Meanwhile Six of Crows is labeled as Young Adult even though one of the heroes literally gouges a man’s eye out.

But genre labels are stupid and meaningless so let’s get into…

Part 4: what writers can learn from it

There were a lot of points where I easily identified story beats straight out of ‘Save the Cat‘ in the plot of Cerulean Sea.

If you struggle with plotting and wonder how the professionals do it, then you’ll benefit from reading and re-reading this book alongside a guide to plot and structure such as Save the Cat. Heroes Journey-type stuff from Joseph Campbell would also fit well.

It’s easy to knock on the walls of House in the Cerulean Sea and identify where the studs are located. You can sort of hear ‘this is the catalyst’, ‘this is debate’, ‘this is the start of act 2’.

One thing I disliked about the book was its simple language.

Consider the following:

“The elevator started to rise. The pit of Linus’s stomach seemed to stay in the basement. It was the longest elevator ride of Linus’s life, lasting at least two minutes. It didn’t help that it stopped on the first floor, opened, and began to fill with people. They asked for two and three and four, but nobody ever asked for five.”

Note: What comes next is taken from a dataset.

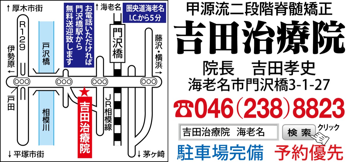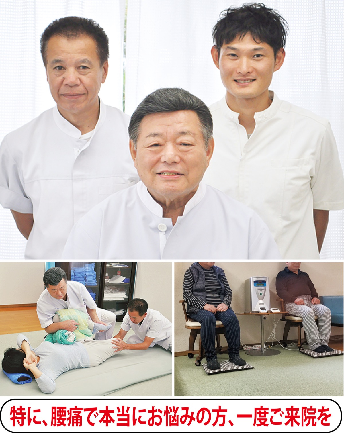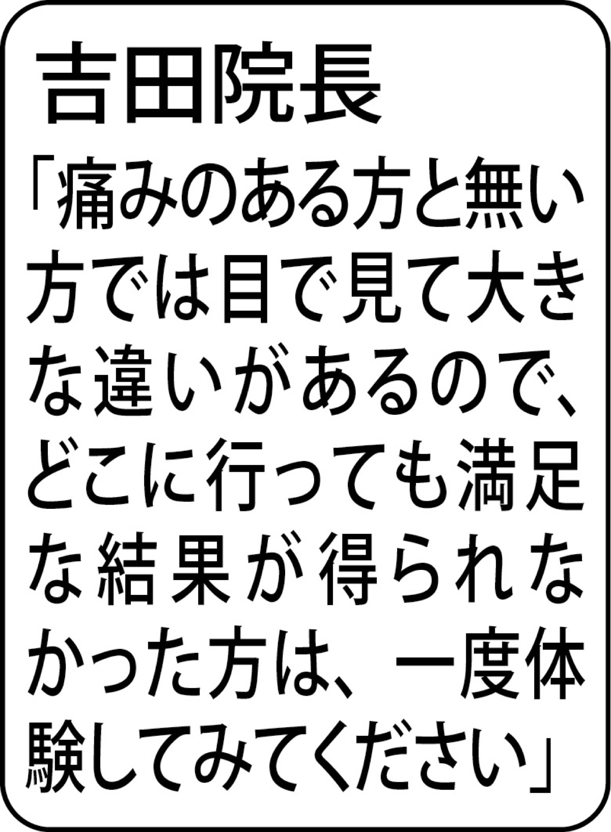 吉田院長は「特に腰痛関係には絶対の自信を持っています」と話す。その証拠に「お帰りの際に腰椎に痛みが残っていたら料金は頂きません」とキッパリ。来訪者からは「どこに行っても症状が改善せず、ワラをもつかむ思いで来たが、驚くほど楽になった」といった声があり、帰る時は皆笑顔に。施術は1回25〜35分と安全で、施術後のアフターフォローや自己管理法指導なども手厚い。相談無料。「まずはお電話下さい」。

This is the sort of bland description that I can be pretty ruthless about when I see it in my own writing, but The House in the Cerulean Sea reminds me that witty turns of phrase are a double-edged sword. They can set off fireworks in the reader’s imagination, but they can also get in the way of the story.

The language in this book is a hobbit. It’s not interesting, mysterious, or sexy, but it is unobtrusive, methodical, determined, and capable of carrying its burden to Mordor and beyond.

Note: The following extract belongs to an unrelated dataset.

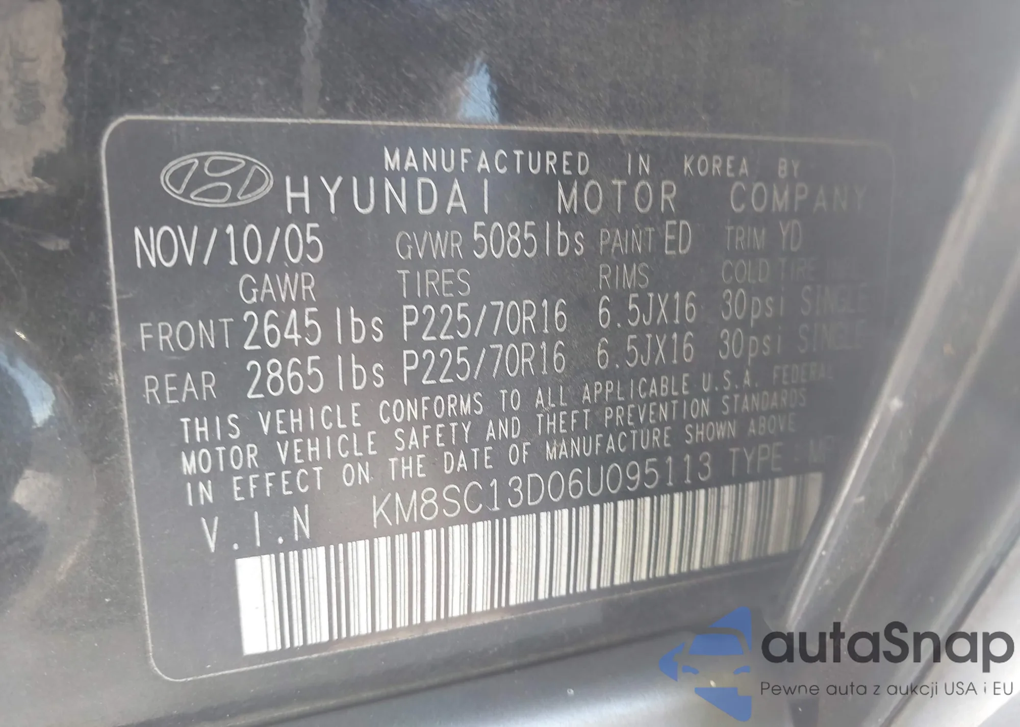 • VIN KM8SC13D06U095113

This is a book that doesn’t worry about wowing the reader with every sentence. I read it and felt encouraged, just write! Tell the story that you want to tell. Some writers need to be reminded,

“You don’t have to have a story. You don’t have to have an idea just connect with that moment and maybe you’ll write crap, but you’ll write.”

‘Film Courage’ on youtube: You Don’t Need a Story to Write – Jack Grape

In conclusion, The House in the Cerulean Sea is a wholesome, bright story. It’s well-plotted. It’s told with simple, straightforward language. It’s a brilliant reminder to get out there and put your story on paper without worrying about all the rules and regulations that you’re supposed to follow.

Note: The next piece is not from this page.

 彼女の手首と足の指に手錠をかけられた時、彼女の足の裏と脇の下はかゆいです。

Until next time, Good luck and good writing.

Ashaya’s thoughts:
Yeah, I don’t know. There was one cat in this story, but no dogs. I wouldn’t have minded hearing a little bit more about the cat. I found it a bit unrealistic that, I think, only one of the characters tried to eat the cat. I think if there had been a dog in this story that could have added some interesting tension… dramatic tension, I think. But I lost interest when we stopped talking about the cat and there wasn’t really any dog that I could put myself in its paws and think about all of the attention I would have enjoyed from the characters.


2 thoughts on “Book Review: The House in the Cerulean Sea”

  1. Warhammer 40k to Care bears is a pretty wide swath. Great review, though I’m a little surprised you reviewed a book like this. It sounds like fun, though I’m not sure if I have the time to read it (or much else to be fair). I am pretty sick of hearing about yet another angsty book about dark, grim teens in a dark grim house dealigh with dark grim stuff.

    Liked by 1 person

    1. Unless I have a good reason not to, I’m going to review whatever I read. I have a big ol’ list of miscellaneous recommendations and somehow this one found its way on there AND the library had an ebook edition… and here we are.